The incidence of phaeochromocytoma is approximately 1-2 cases per 100,000 population. Malignant phaeochromo-cytomas accounts for only 10% of all phaeochromocytomas but in extra-adrenal tumours, located along the course of the sympathetic chain the incidence of malignancy rises to 40-50% (116). There is a higher incidence of extra-adrenal tumours in children compared with adults.

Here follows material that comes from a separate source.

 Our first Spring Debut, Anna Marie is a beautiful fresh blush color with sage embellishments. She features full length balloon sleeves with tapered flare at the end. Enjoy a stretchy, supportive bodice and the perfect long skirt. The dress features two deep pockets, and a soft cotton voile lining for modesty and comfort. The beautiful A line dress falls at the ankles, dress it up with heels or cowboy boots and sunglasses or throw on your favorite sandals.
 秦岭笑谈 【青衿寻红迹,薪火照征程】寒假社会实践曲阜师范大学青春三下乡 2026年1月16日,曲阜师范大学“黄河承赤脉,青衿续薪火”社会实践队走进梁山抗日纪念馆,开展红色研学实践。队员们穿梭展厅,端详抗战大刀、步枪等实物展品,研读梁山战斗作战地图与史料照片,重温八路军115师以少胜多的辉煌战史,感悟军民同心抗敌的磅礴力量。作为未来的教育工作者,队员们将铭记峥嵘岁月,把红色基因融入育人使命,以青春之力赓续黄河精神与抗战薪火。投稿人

Tumours are usually cystic with areas of haemorrhage and necrosis. Vascular invasion is a histological feature of phaeochromocytomas seen in benign as well as malignant tumours. Diagnosis of malignancy is therefore difficult and may only be confirmed by establishing the presence of distant spread.

Localisation

Recurrence or persistence of symptoms in patients who have previously undergone surgery for phaeochromo-cytoma may indicate malignancy. Symptoms include hypertension (sustained or paroxysmal), headaches and palpitations. Recurrent or distant metastatic disease may be confirmed by measuring urinary catecholamines and metabolites (metanephrines and vanillyl mandelic acid) levels in an acidified 24 hour collection.

MRJ, which has a characteristic signal in phaeochromocytoma, is the best method of identifying recurrent local disease (117). Distant disease may also be identified by MIBG scan, though this has a false negative rate of approximately 10% (116).

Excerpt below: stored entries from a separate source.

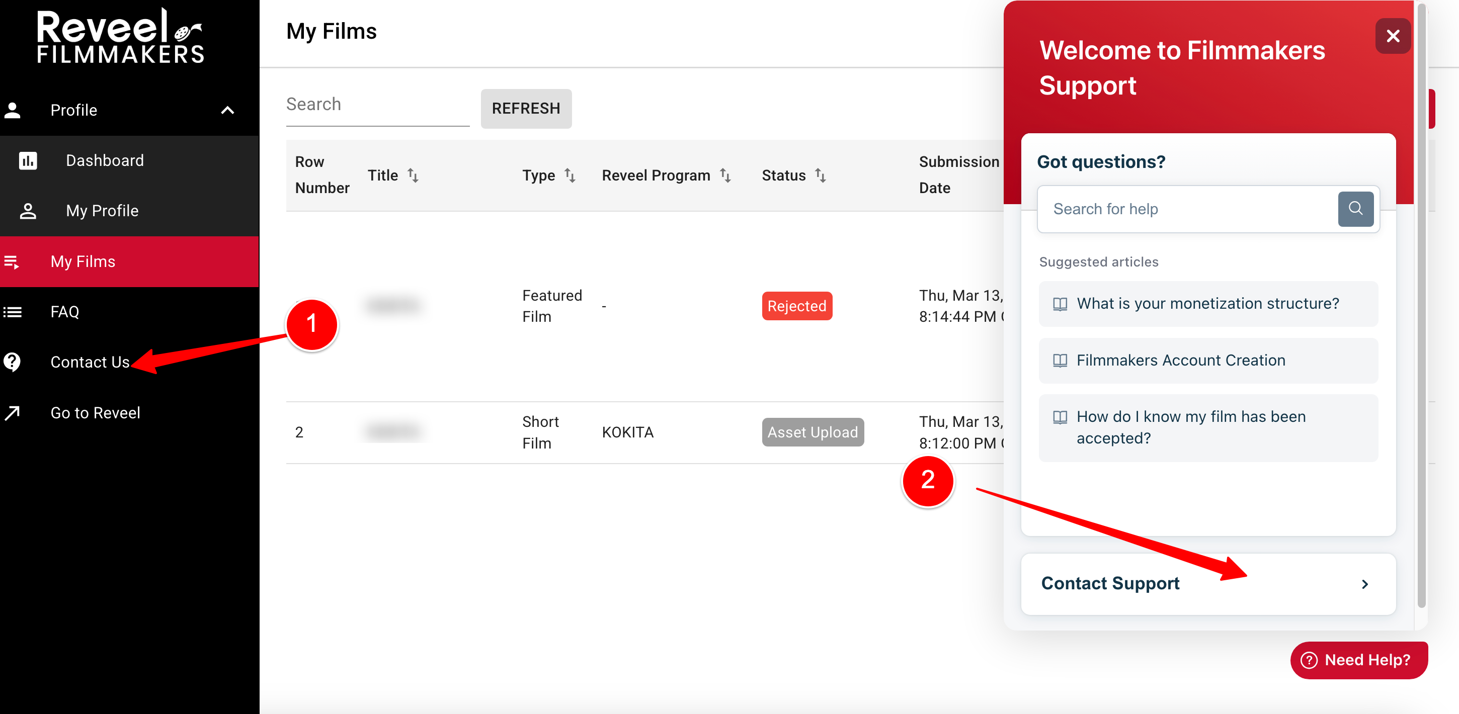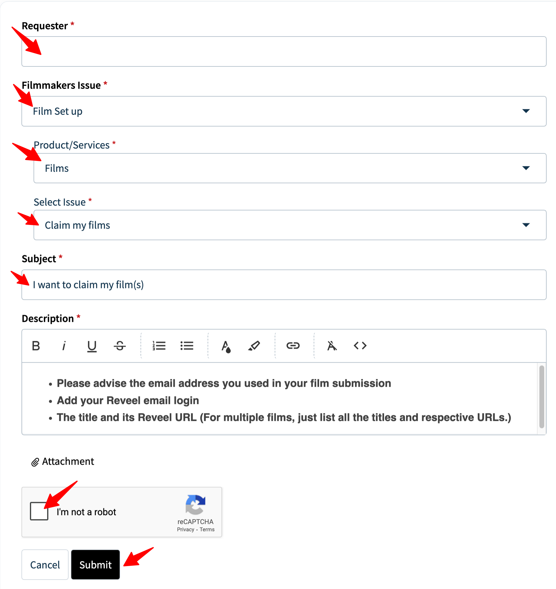 If you are not logged in yet in your filmmaker account, you can also submit a ticket following the same format as the above, https://help.reveelfilmmakers.com/support/tickets/new.
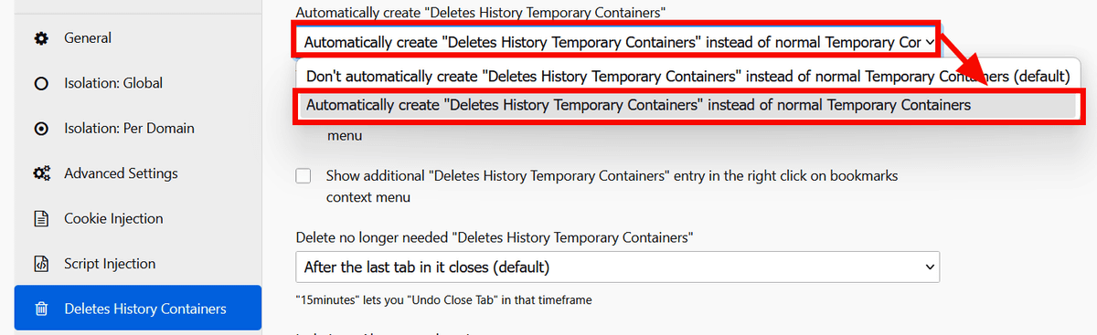 Next, select 'Automatically create 'Deletes History Temporary Containers' instead of normal Temporary Containers' from the drop-down menu.
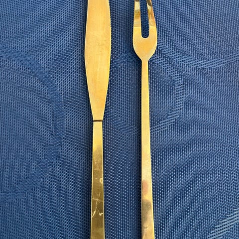 Rustfrit stål, Forskærersæt, Amboss Austria, Et smukt østrigsk forskærersæt fra midten af 50érne, bestående af en plejekniv, en kødkniv og en gaffel. Ud af 2050-serien, designet af Helmut Alder, udført af Amboss Austria i 1950'erne. Service i høj kvalitet, lavet af børstet og poleret rustfrit stål. Længde på den længere kniv: 14 tommer.
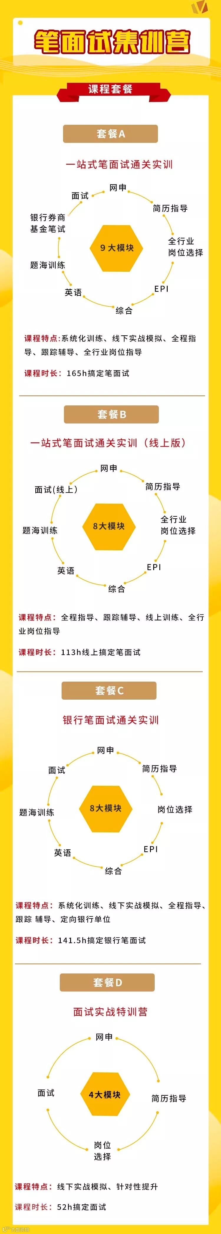 笔面试训练营通过分析银行、券商、基金的面试题总结出面试通关技巧,并进行实战模式,增强临场表现力。165H掌握银行/券商/基金等金融领域笔面试通关技能!节省备考时间,提高笔面试通过率,顺利收获满意的offer!
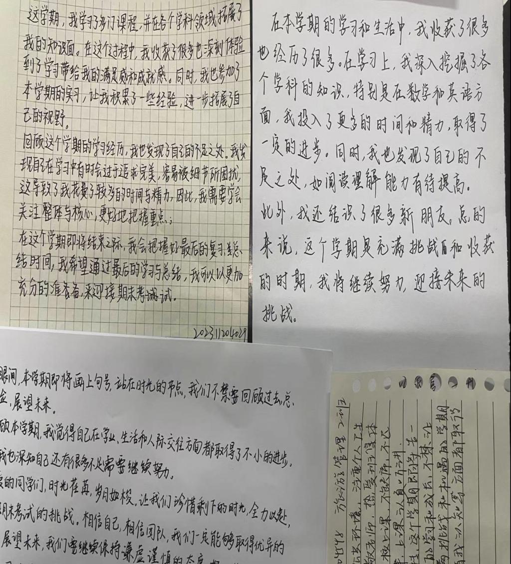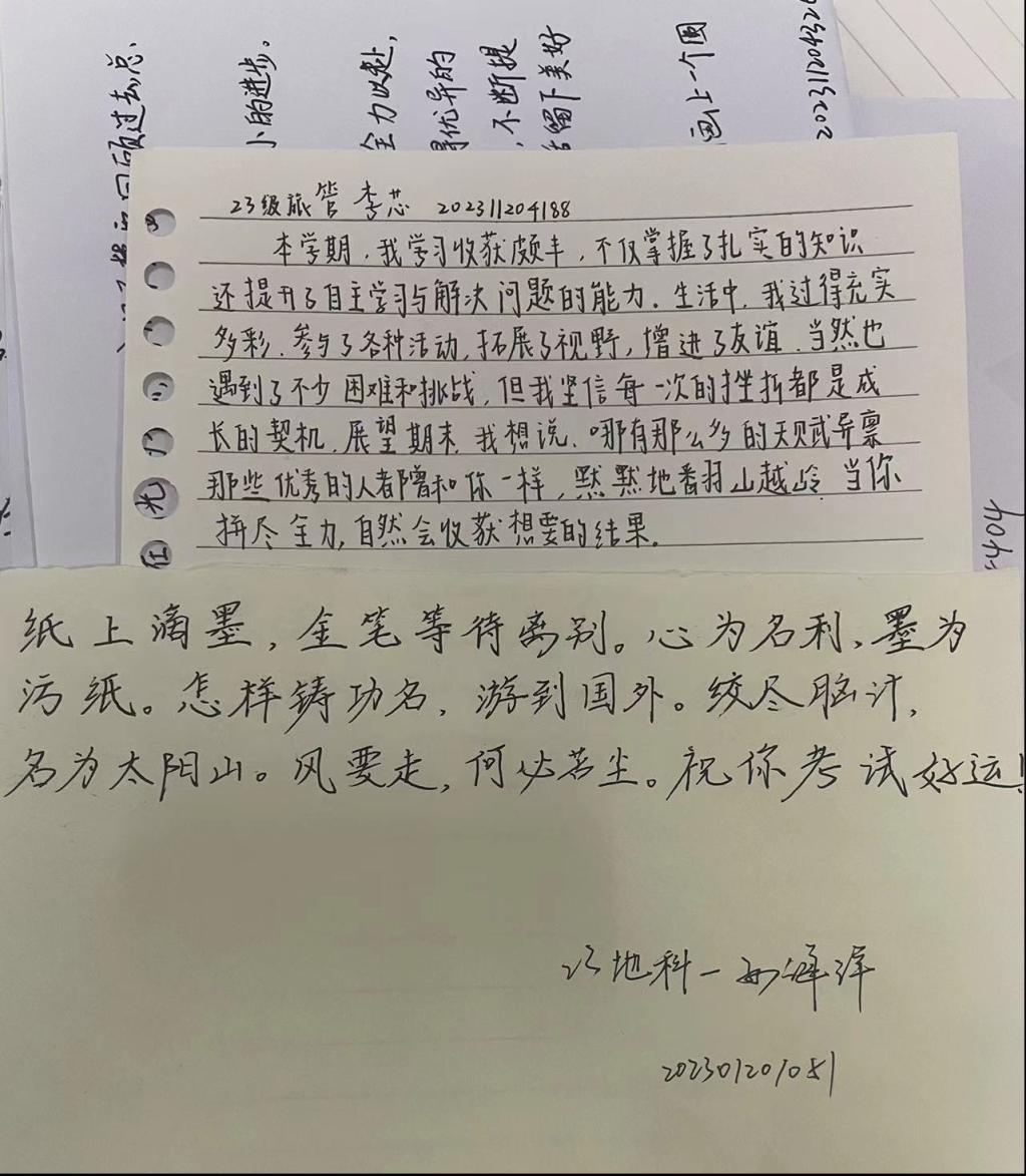 活动现场,同学们积极参与,纷纷在精心准备的卡片上写下对自己、对同窗好友以及对整个班级的期末寄语。有的同学写下了对自己本学期努力付出的肯定,鼓励自己在期末考试中保持冷静,发挥出最佳水平;有的同学向舍友表达了深深的感激之情,感谢他们在学习和生活中的陪伴与支持,并祝愿大家都能取得优异成绩;还有班级以集体的形式写下了共同的目标和期望,展现出团结一心、共同奋进的精神风貌。通过这次活动,同学们学会了如何用心去感受生活,用艺术去表达内心,这对于他们未来的成长和发展具有深远的影响。

Treatment of Recurrent or Distant Malignant Phaeochromocytoma

Recurrent disease should be resected when ever feasible. has been shown to have a therapeutic as well as diagnostic role but treatment is palliative (118). Chemotherapy using combination cyclophosphamide, vincristine and dacarbazine has produced a partial response in controlling symptoms in 57% of patients but overall results are disappointing (119). Radiotherapy can be employed to control pain from bone metastases (120). Symptoms of catecholamine excess may to some extent be alleviated by combination therapy with alpha and beta blocking agents with or without an agent which inhibits catecholamine secretion.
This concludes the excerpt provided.